Air purifiers fighting infectious aerosols
Researchers at the renowned German Fraunhofer Institute for Building Physics IBP published new results on air purifiers in March 2021. In a paper titled "Reducing the risk of infection in premises with people contact: requirements for indoor air purification for hygiene concepts", the researchers offer findings for reducing infectious aerosols in indoor spaces. For this purpose, they investigated various air purification technologies - including possible by-products - based on ISO 16000-36 test conditions with surrogate viruses. Incidentally, the AiroDoctor® air purifier was also developed according to this test standard and was finally certified in March of this year in accordance with ISO 16000-36:2018.

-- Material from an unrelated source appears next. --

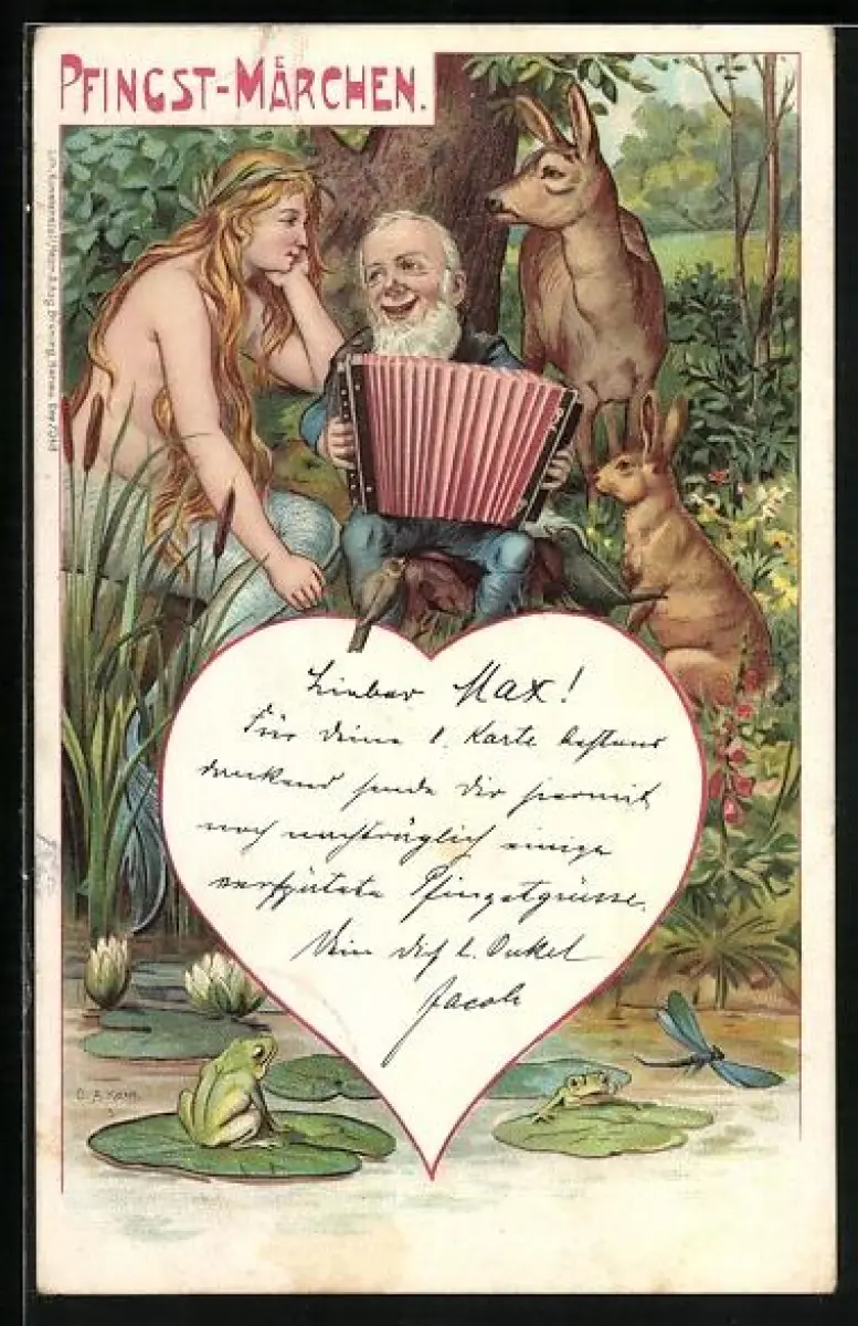 AK Pfingst-Märchen, Zwerg mit Akkordion, Nixe, Reh und Hase am Froschteich

So what requirements must an air purifier meet? We briefly summarize the most important results below:
1. Capabilities: person-related volume flow
- Based on DIN standards on ventilation rates, the Fraunhofer Institute researchers calculated a volume flow of uncontaminated air of 39.6 m³/h for rooms that can be ventilated in parallel, which an air purifier should be able to provide per person. This then results in the maximum number of people per device or, conversely, the necessary number of devices for the people in the room. (In total - together with other ventilation - a requirement of 54m³/h of uncontaminated room air per person is assumed). The volumetric flow rate of a device is clearly more meaningful than the Clean Air Delivery Rate (CADR) in this context, according to the researchers.

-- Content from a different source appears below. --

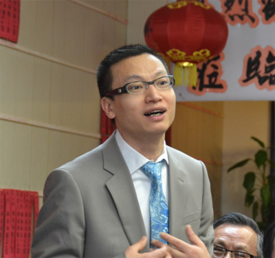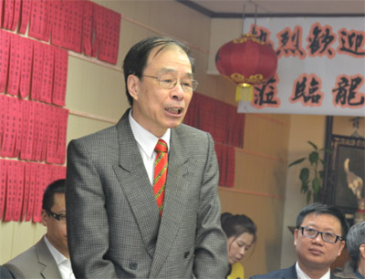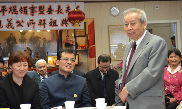 拜祭典礼之后,宾主入座,谈笑风生。张杰英主席代表芝城龙冈公所职员,对赵卫平总领事、副总领事王永一行的带来表示热烈欢迎。张杰英介绍了龙冈宗亲每年清明之际祭拜先祖的传统,并强调龙冈公所历史源远流长,四姓宗亲人才辈出,加州联邦议员赵美心,前劳工部长赵小兰均是龙冈宗亲的骄傲,而赵卫平总领事莅临拜祖活动,更让龙冈宗亲倍感自豪。张杰英强调龙冈公所一向爱国爱乡,与总领事馆保持密切联系。

- Depending on the cleaning performance of the device, the minimum room occupancy or the number of air cleaners required can be calculated.

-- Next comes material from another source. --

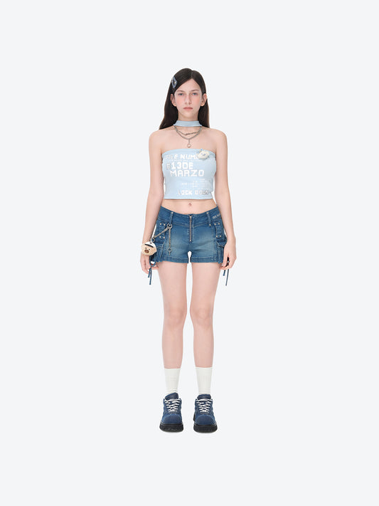 13DE MARZO V-Waist Sheriff Bear Jorts Navy Blue

- It is best to install the units so that the supply and exhaust air can flow freely.
2. Efficiency: Separation vs Disinfection
- The researchers emphasize that when stating efficiency, a clear distinction must be made between "only" separating particles (e.g. HEPA filters) or actually reducing infectivity (e.g. UV-C, in the case of the AiroDoctor this would be photocatalysis).
- In contrast to pure filter technology (e.g. HEPA), there is currently no uniform standardization for the efficiency of devices with a disinfecting effect (e.g. UV-C or photocatalysis). Here, the manufacturer would have to be able to demonstrate efficacy, explicitly for infectious aerosols (not just for surface disinfection).
- The study emphasizes that especially in the case of technologies with a disinfecting or inactivating effect (e.g. UV-C irradiation or ionization), attention must be paid to harmful by-products such as ozone.
3. Operation: Noise level, safety and maintenance
- The noise emissions of the air purifier should not exceed 38dB for small rooms under 50m³, 45dB for medium rooms under 200m³, and 55dB for large rooms over 200m³ for one unit and 50dB for multiple units.
- The manufacturer would have to provide a declaration of conformity on the tested safety of its device. Air purifiers with UV sources must not emit radiation under any circumstances, either during operation or maintenance.
- Information and instructions on maintenance and operation would have to be transparent and comprehensible.
What do these results say about the AiroDoctor?
"We have read the study with great interest," says Carsten Hermann, co-developer of the AiroDoctor. "We can see that we largely meet the criteria that the Fraunhofer Institute has worked out. Thanks to its unique filter technology, the AiroDoctor is able to perform not only powerfully, but also very effectively." As mentioned earlier, the AiroDoctor was recently certified in the ISO 16000-36:2018 test chamber process, and AiroDoctor production also received ISO 13485:2016 certification for quality benchmarks in medical device manufacturing.